The example below uses the bundled offline GBIF-style example table rather than a live web query.

occ_raw <- utils::read.delim(ext_file("occ_example_4sps.csv"), sep = "\t", stringsAsFactors = FALSE)
occ_raw$input_search <- occ_raw$species
occ_gbif <- gbif.range:::getGBIF(occ_raw)

# Build a coarse grid that spans the example records.
grid <- terra::rast(
  xmin = min(occ_gbif$decimalLongitude) - 1,
  xmax = max(occ_gbif$decimalLongitude) + 1,
  ymin = min(occ_gbif$decimalLatitude) - 1,
  ymax = max(occ_gbif$decimalLatitude) + 1,
  resolution = 10,
  crs = "EPSG:4326"
)

# Keep at most one record per species and grid cell.
obs_thin <- obs_filter(occ_gbif, grid)
head(obs_thin)
#>           Species        x         y
#> 1 Crocuta crocuta 34.23704  -0.99994
#> 2 Crocuta crocuta 24.23704 -20.99994
#> 3 Crocuta crocuta 44.23704   9.00006
#> 4 Crocuta crocuta 24.23704 -10.99994
#> 5 Crocuta crocuta 34.23704 -20.99994
#> 6 Crocuta crocuta 14.23704 -20.99994

This kind of thinning does not replace ecological cleaning or taxonomic checks, but it can be a useful way to reduce local clustering before plotting or model calibration.

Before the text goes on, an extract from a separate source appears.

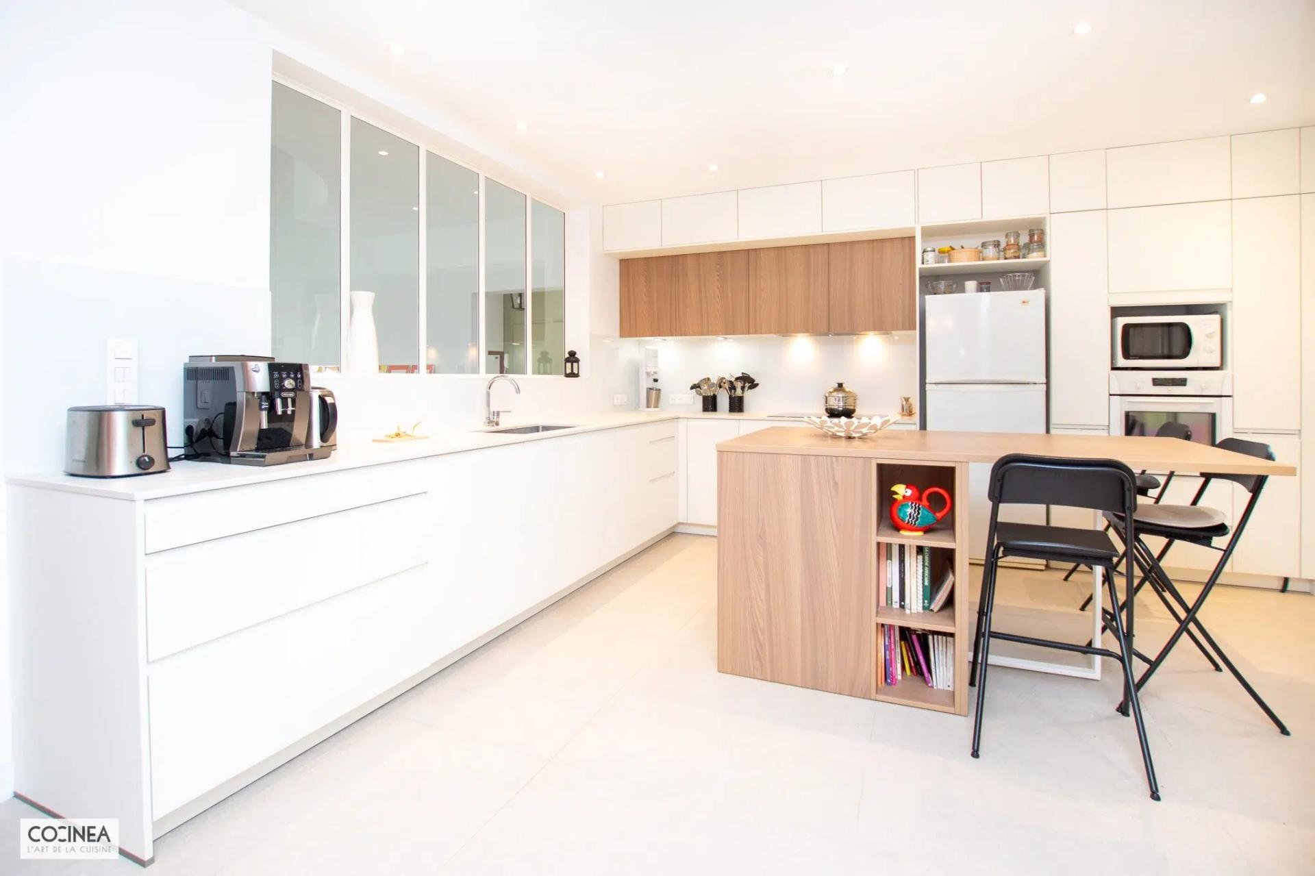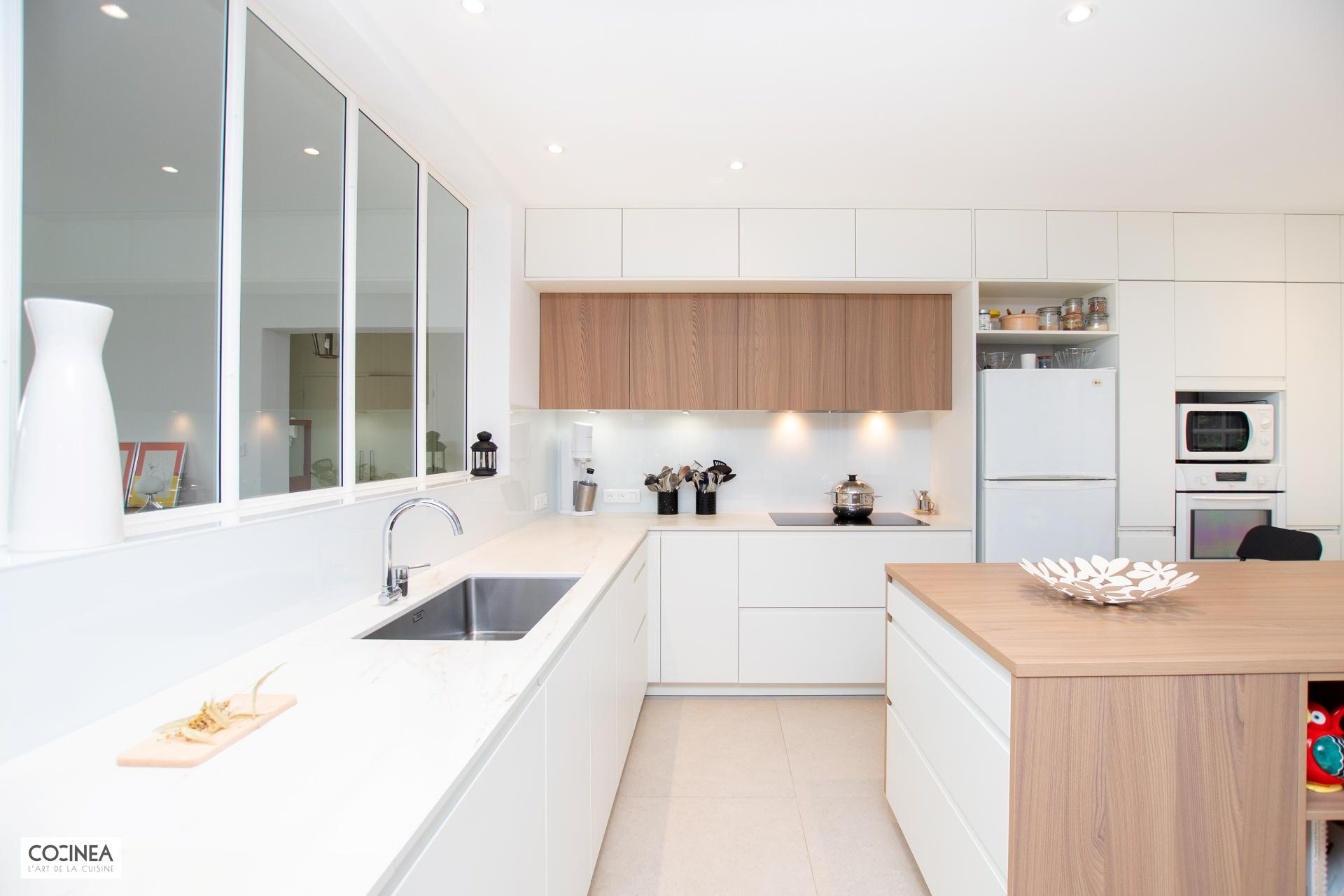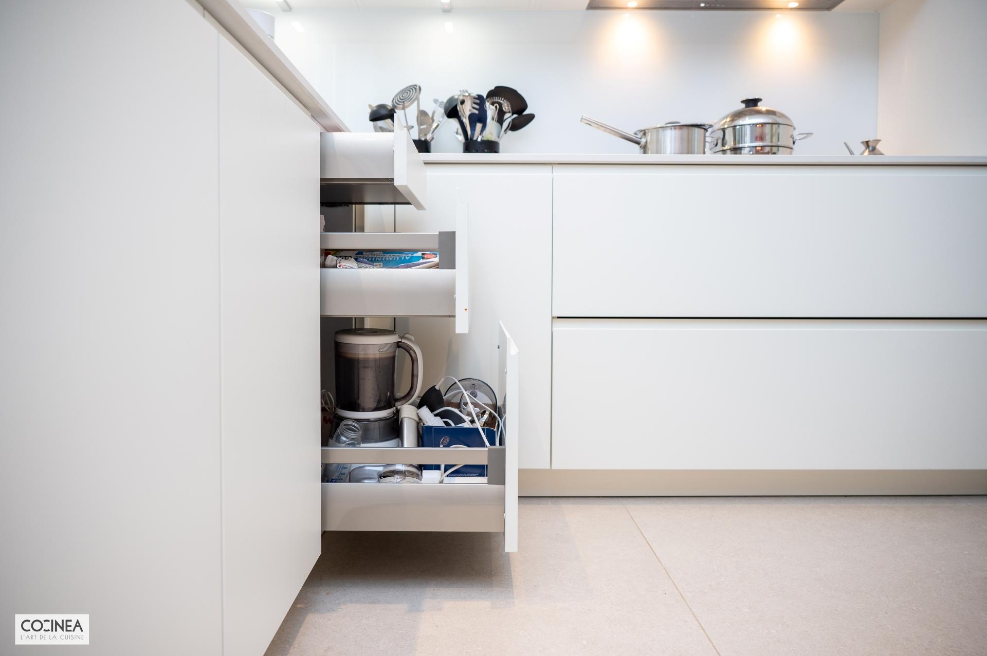 Cocinea vous présente une réalisation de Wilfried De Almeida, cette cuisine moderne et intemporelle a été conçue avec notre fournisseur Hacker et sa gamme « Luna Max » avec poignée intégrée pour les meubles laqué blanc.

Dense clusters of records can easily dominate visual inspection or downstream calibration even when they add little new geographic information, so this kind of lightweight aggregation is often worth doing early.

Explicit tiling workflows

get_gbif() handles tiling internally, but make_tiles() is available when you want to create GBIF-ready geometry tiles yourself:

tiles <- make_tiles(terra::ext(-20, 40, 0, 60), nsize = 5)
tiles[[1]]

This is mostly useful for custom rgbif workflows or explicit diagnostics of how an extent is being subdivided.

Reproducible GBIF citation

Once one or more get_gbif() calls have been made, get_doi() can be used to generate a GBIF-derived DOI reference for those records:

doi_url <- get_doi(obs_tiger)
doi_url

This is a small function, but it is scientifically important because it improves traceability and citation of the exact GBIF-derived datasets used in an analysis.

Take-home message

The GBIF-facing side of gbif.range is built around a clear sequence:

  1. inspect the GBIF backbone taxon concept with get_status(),
  2. count likely record volume with get_gbif_count(),
  3. download filtered occurrences with get_gbif(),
  4. optionally thin or aggregate them with obs_filter(),
  5. cite the resulting GBIF-derived datasets with get_doi().

That sequence keeps taxonomic interpretation, record selection, and reproducibility visible before range inference begins.